A Christmas Caution: How One Edible Turned Family Lunch into a Five-Hour Floor Ordeal
Edible cannabis horror story: A family Christmas gone wrong

For many, the festive season brings a unique blend of joy and familial pressure. Writer Bunny Banyai planned a novel solution for navigating the political minefield of her family Christmas lunch: a cannabis edible. The reality, however, was a terrifying five-hour ordeal spent face-down on her bedroom floor, utterly incapacitated.

The Festive Pressure Cooker

Banyai's motivation stemmed from a classic festive dilemma. Her family gathering presented a challenging mix of personalities. Her partner's parents, whose views align with the current US administration, avoid topics like money. In stark contrast, her father, a self-described "hyper-polyglot peasant-savant," revels in discussing finances. The mix is completed by her conflict-averse mother, a politically argumentative 12-year-old daughter, and a 17-year-old largely indifferent to the family dynamic.

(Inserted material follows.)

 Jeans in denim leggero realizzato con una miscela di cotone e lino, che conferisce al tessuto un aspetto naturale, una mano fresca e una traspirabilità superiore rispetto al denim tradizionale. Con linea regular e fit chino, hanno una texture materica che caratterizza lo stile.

Facing potential conversations spanning parasite cleanses and the perils of 'wokeism', and as a non-drinker, Banyai felt an edible was a necessary tool for survival, not a mere indulgence. By mid-November, her plan was set: to be "just a little bit high" to smooth the day's edges.

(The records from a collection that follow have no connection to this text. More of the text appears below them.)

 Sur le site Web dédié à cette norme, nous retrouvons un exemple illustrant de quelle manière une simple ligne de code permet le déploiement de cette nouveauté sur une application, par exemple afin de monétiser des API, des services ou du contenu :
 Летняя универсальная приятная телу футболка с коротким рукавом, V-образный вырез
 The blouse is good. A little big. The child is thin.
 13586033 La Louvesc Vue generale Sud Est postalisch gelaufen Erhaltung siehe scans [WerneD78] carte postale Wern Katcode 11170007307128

A Plan Unravels: From Python Lolly to Paralysis

A neighbour, endorsing the plan, offered a 'killer python' edible lolly from her own stash, describing it as "nice and mellow" and "gentle". Despite being exhausted from a hectic December working in a bookshop and having a foreboding feeling she was "too fragile for substances," Banyai proceeded on Christmas Day.

Ignoring advice to consume only a quarter, she ate half the lolly before lunch, then impatiently gobbled the rest. The effects were swift and severe. With barely a parsnip in her stomach, her dinner plate began to warp and her cutlery became impossible to hold. As her heart pounded and her in-laws' voices distorted, she fled upstairs, collapsing in her youngest daughter's room.

Five Hours on the Floor: A Hallucinating Matriarch

Her partner moved her to their bedroom, where Banyai arranged herself face-down on the carpet. Here she remained for the next five hours, pleading for her life and vowing never to complain again, while the family continued Christmas lunch downstairs, trying to ignore the spectre of the hallucinating matriarch above them.

She received occasional visitors. Her sister-in-law, experienced with plant medicines, sat holding her hand and calmly dissuaded her from a trip to hospital, warning the bright lights would worsen her state. Her daughters, told she had a migraine, took her request for quiet as an invitation to argue furiously beside her. Banyai describes the sensation of children yelling as she wondered if she'd ever again distinguish a door from a window as a uniquely terrible experience.

The Sobering Aftermath and a Raw-Dogged Future

Miraculously, her coherence returned the moment the guests began to leave. The euphoria of being able to see again almost made the prior horror worthwhile—she had endured a terrifying internal episode to avoid a more terrifying external one.

The experience has led to a firm resolution for future festivities. This year, Banyai declares, Christmas will be "raw-dogged"—a medical term she adopts to mean no edibles, no alcohol. It will be just her, a packet of gravy granules, and the unfiltered conversation of elderly parents. A sober, if chaotic, hallelujah.